Fabulous, Donny.....


----------



## Terl (Jan 2, 2008)

Don and Marty 

Looking Good. Nice big gentle curves and smooth trasitions. Should provide good running. 

Stan 

I seem to remember an old post where someone in Canada tried the post and ladder method, but the frost is deep enough there that it still heaved out of the ground, with disasterous results. So you have to be sure to get your posts far enough in the ground. It might be easier to build some kind of floating system that has some built in ajustment come spring. 

Terl


----------



## Henson (Jan 2, 2008)

Looking good Don. I wish I had did the ladder system when I went threw the fence to the side yard.


----------



## Jerry Barnes (Jan 2, 2008)

Don, 
HOw deep did you put the poles in? You use the drill? Jerry


----------



## wchasr (Jan 2, 2008)

Posted By Terl on 05/05/2008 7:17 AM

I seem to remember an old post where someone in Canada tried the post and ladder method, but the frost is deep enough there that it still heaved out of the ground, with disasterous results. Terl




If I recall correctly it was Mark Horsetead from up north of Toronto? He was building a decked system and while he places 4x4 posts in the ground they were not deep enough nor anchored in any way. Because it was a decked over system it was difficult to fix. 

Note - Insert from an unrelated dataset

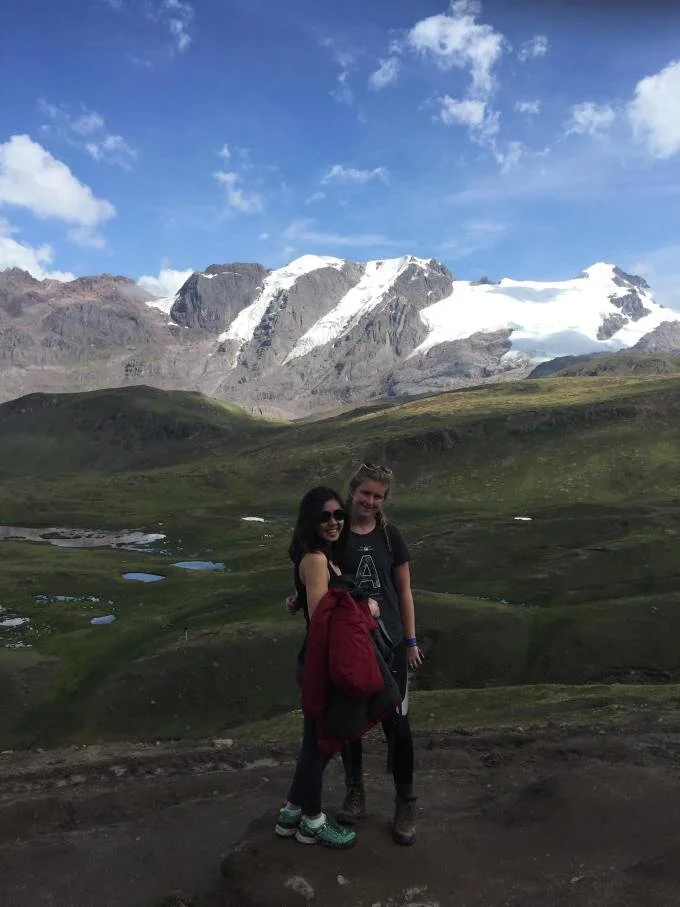 We were fortunate once more with the weather -- blue skies and not a drop of rain. The landscape was breathtaking, with hills, a snow-capped glacier peak, green fields, and herds of grazing alpaca. The climb itself was manageable as only the last bit was steep, and the views along the way equalled the peak itself.

I've not heard from him in over a year now. I know he was involved in Canada's military as a pilot and I hope his military travels have not be detrimental to his helth and railroading? 

Chas


----------



## jimtyp (Jan 2, 2008)

Nice work! Next time your in Denver let me know I'll get some work lined up for you  

I see the PVC pipe for height and side-to-side leveling, what type of board is being used under the track?


----------



## Trains (Jan 2, 2008)

Jerry, 

I drill a hole 20" deep then get the length of pipe, add 3-4". Then I drive it into the ground till I'm at the right height, level and back fill and pack the dirt, a little at a time. The roadbed is 1x2" Never rot from Home Depot and Menard's. Been very happy with the way it works out. Easy to bend, and just screws 
together, or you can glue it with pipe glue.


----------



## cabforward (Feb 18, 2008)

Marty 
can you please post a link to the building of your geep 
Matt


----------



## Torby (Jan 2, 2008)

Nice, indeed!


----------



## NTCGRR (Jan 2, 2008)

Matt 
I could not find it. so I will look in photos. 



















thats it 

I looked through railway achieves for photos and help. the shell comes off and the lights work in reverse. gets power from lead unit.


----------



## leonpete (Jan 4, 2008)

Looking GREAT Don, Don't be to hard on Marty, You have to keep his strength up so he can keep workin. hehe


----------



## cabforward (Feb 18, 2008)

Marty 
Thanks I will send you an emal of line with some other questions 
Matt


----------



## Trains (Jan 2, 2008)

Getting close! To muddy to do roadbed so I laid track. I'm more then half way around. I'm starting to run more then work, is that bad?


----------



## Terl (Jan 2, 2008)

Posted By Trains on 05/09/2008 3:30 PM
" I'm starting to run more then work, is that bad?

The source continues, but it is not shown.